Volunteer group provides services for local organizations, families

February 2, 2017
Left, biochemistry junior Jose Sanchez, and interdisciplinary studies and public policy sophomore Xue Lin Wang make brownies on Jan. 30, 2017 at Ronald Mcdonald House at 121 S. Holmes St. in Lansing. Sanchez and Wang are a part of the on-campus group called Spartans Rebuilding Michigan. The group consists of over 200 students who complete 10 volunteer projects a week.
Left, biochemistry junior Jose Sanchez, and interdisciplinary studies and public policy sophomore Xue Lin Wang make brownies on Jan. 30, 2017 at Ronald Mcdonald House at 121 S. Holmes St. in Lansing. Sanchez and Wang are a part of the on-campus group called Spartans Rebuilding Michigan. The group consists of over 200 students who complete 10 volunteer projects a week. —

What started as an attempt to rekindle long-lost friendships has developed into a philanthropic group on campus that prides itself on completing 10 volunteer projects per week.

Spartans Rebuilding Michigan, SRM, began three years ago, and since its start it has grown more than 25 times its original size. The original founders wanted to find a way for students to easily connect with the community and give back, finance senior Sameer Jauhar said. Jauhar helped his friends from high school found the group and now serves as its president.

“Essentially, they wanted to find a way for students to easily connect with the community and give back,” he said. “No one knew what this was, or what it was going to become.”

SRM is notably larger than other on-campus volunteer groups. Each member volunteers five hours per week.

“When you’re just joining a club initially, hearing you have to do 50 hours a semester might kind of scare some people who aren’t really sure if they want to do it,” he said.

For Jauhar, volunteering is doing what he can to “balance out the scale” of social inequality. When he is helping others, be it making lesson plans for elementary school students or cooking a meal for the Ronald McDonald House, Jauhar said he has found meaning in the moment.

Jauhar said while volunteering at Haven House of East Lansing, an emergency transitional housing service for families, he experienced a moment of realization.

“This little boy comes up to me,” he said. “He was probably 8 years old, and he asks me if I need help making the meal. That was fun for five or so minutes and we keep talking, and just out of nowhere he says, ‘I wish I had a home.’”

Jauhar said the moment stuck with him. He has been fortunate to never have to worry about shelter or where his next meal was coming from, he said, and giving back is the least that he can do.
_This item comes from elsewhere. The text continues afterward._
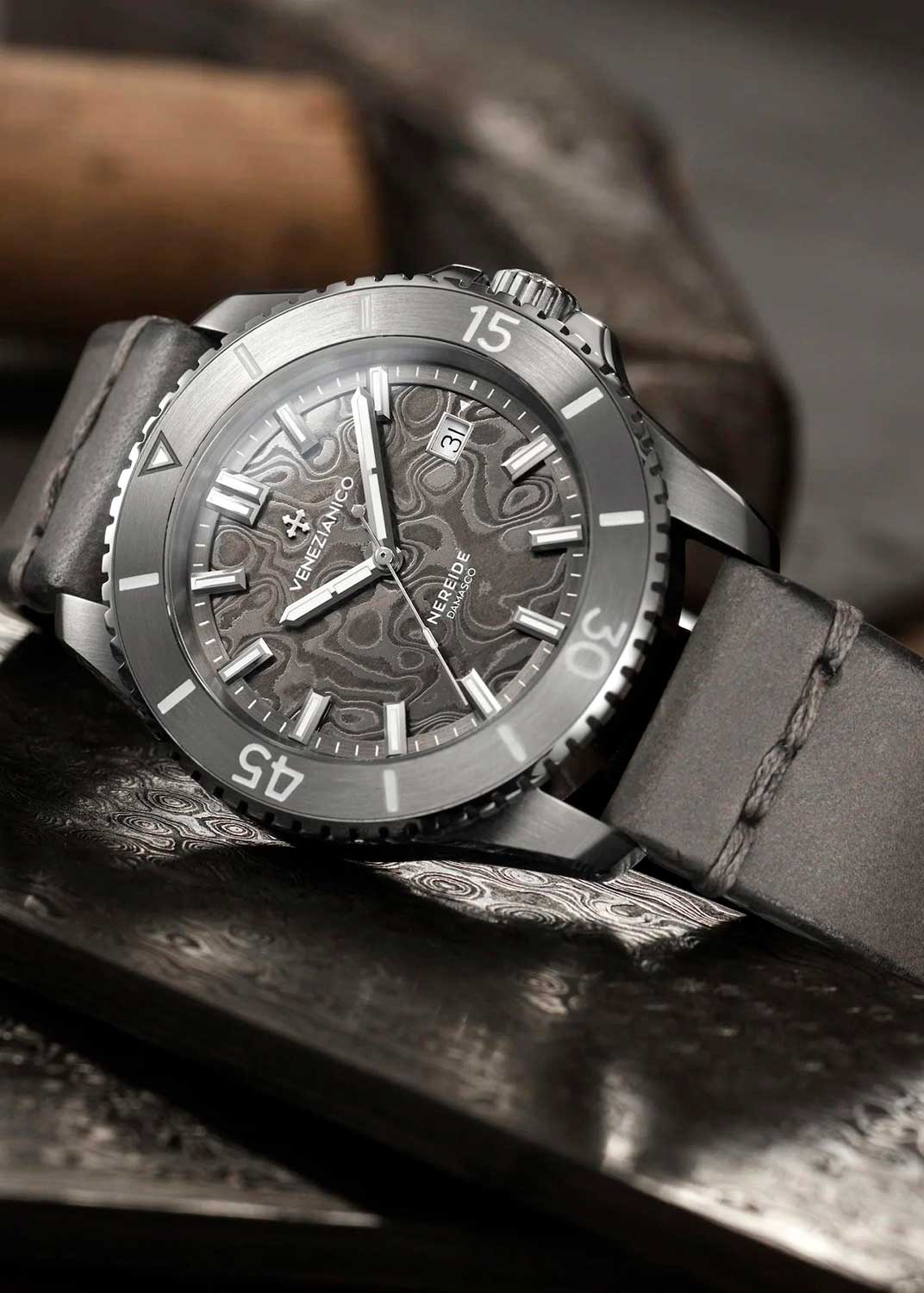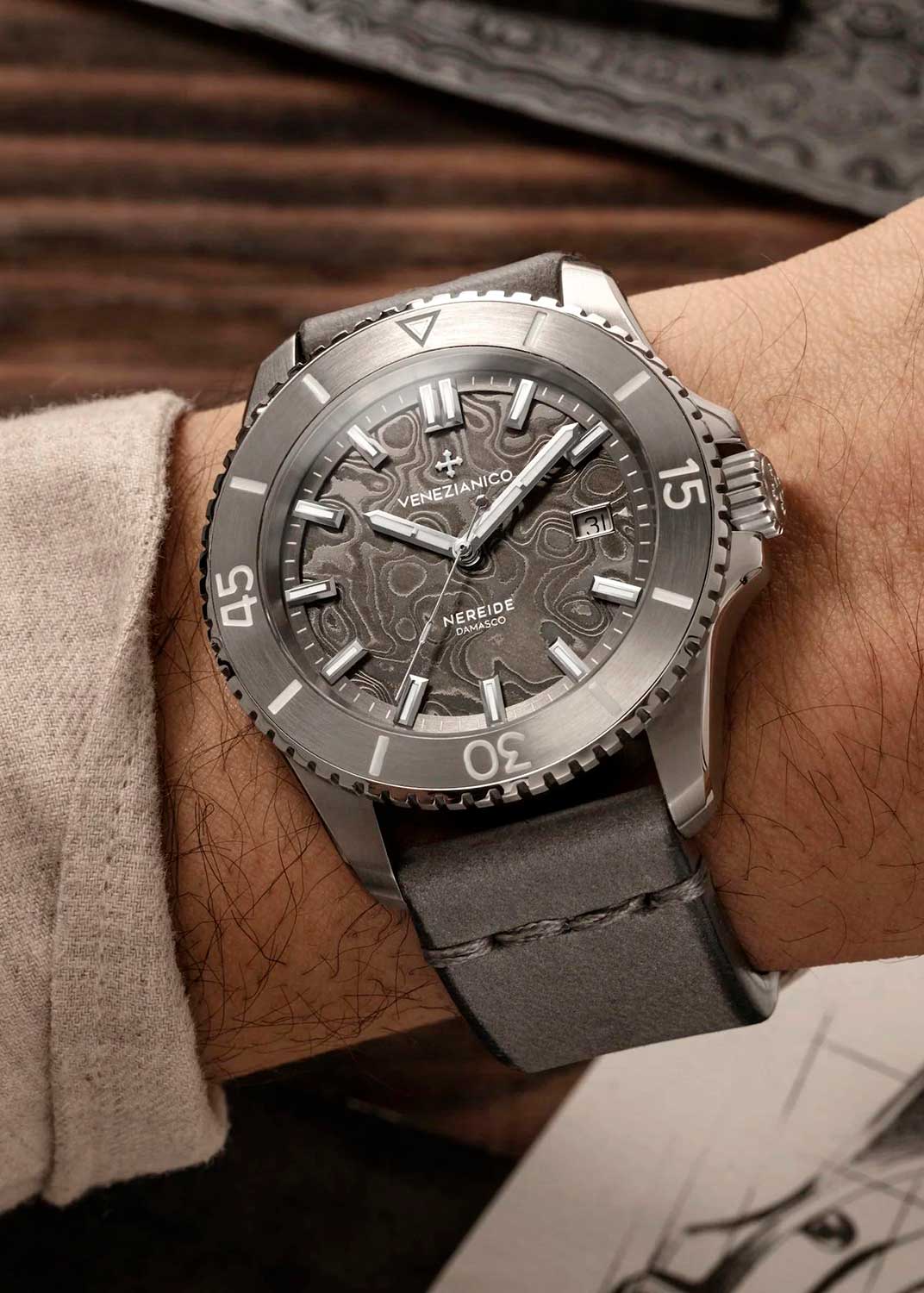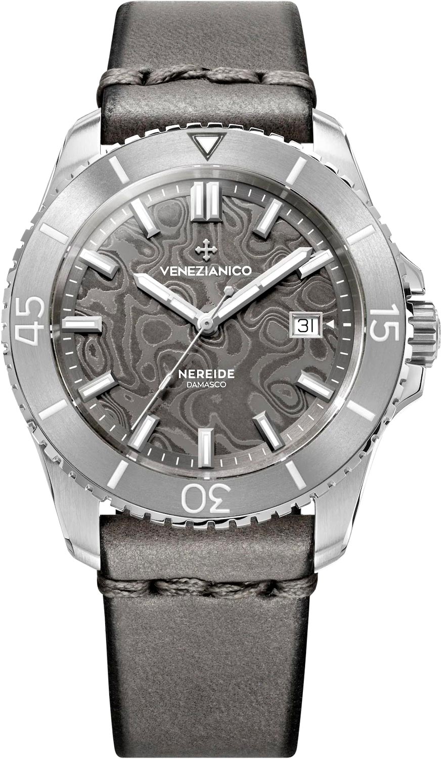 Итальянские мужские наручные часы с автоподзаводом Nereide Damasco. В механизме 26 камней, частота 28800 полуколебаний в час. Запас хода 38 часов. Круглый стальной корпус с сатинированной и полированной отделкой. Рифленый безель с вольфрамовой вставкой, прочной и устойчивой к царапинам, рассчитан на 120 щелчков.

When the volunteer group comes in to Haven House, they are there to help the kids have fun and not focus on anything that is going on with their families, Haven House volunteer and special projects coordinator Chequoya Spearman said.

“When (the residents) meet with staff here, they have to talk about their situation,” Spearman said. “But when the volunteers are here, they can actually talk to them and get to know them on a personal level.”

She said having college-aged students come in to volunteer gives the young residents someone to look up to.

“They see that they’re in college and it makes them want to grow up and be just like them, just like a role model," Spearman said.

The on-campus group also volunteers time to the Ronald McDonald House of Mid-Michigan on a regular basis. SRM external vice president Melissa Trujillo said helping cook dinner is one easy way to help a family.

"They are nice and respectful people that are going through a really hard time," Trujillo, an advertising junior, said. "They’re happy to see people going out of their way to help them, especially college students."

The club will continue their volunteer efforts through the end of the semester where they end with the largest fundraiser they host, Klimb for Kids, which will take place at the Breslin Center on Feb. 18 with the help of ASMSU. The event fundraises for the Children’s Miracle Network and all ticket sales go directly back into the local community.